The data:
◇ ◇ ◇

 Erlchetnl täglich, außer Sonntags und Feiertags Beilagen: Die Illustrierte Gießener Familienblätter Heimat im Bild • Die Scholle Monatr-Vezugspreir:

◇ ◇ ◇

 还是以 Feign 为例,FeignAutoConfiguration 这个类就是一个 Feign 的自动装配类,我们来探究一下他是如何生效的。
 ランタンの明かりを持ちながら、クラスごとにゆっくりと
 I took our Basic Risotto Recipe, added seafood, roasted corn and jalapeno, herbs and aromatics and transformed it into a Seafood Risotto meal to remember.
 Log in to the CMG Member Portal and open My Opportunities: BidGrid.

◇ ◇ ◇

What needs to be done:
Above is a listing; print exactly its lines from the one with "还是以 Feign 为例,FeignAutoConfiguration" through the one with "Log in to the", and no other lines.

Result of this exercise:
 还是以 Feign 为例,FeignAutoConfiguration 这个类就是一个 Feign 的自动装配类,我们来探究一下他是如何生效的。
 ランタンの明かりを持ちながら、クラスごとにゆっくりと
 I took our Basic Risotto Recipe, added seafood, roasted corn and jalapeno, herbs and aromatics and transformed it into a Seafood Risotto meal to remember.
 Log in to the CMG Member Portal and open My Opportunities: BidGrid.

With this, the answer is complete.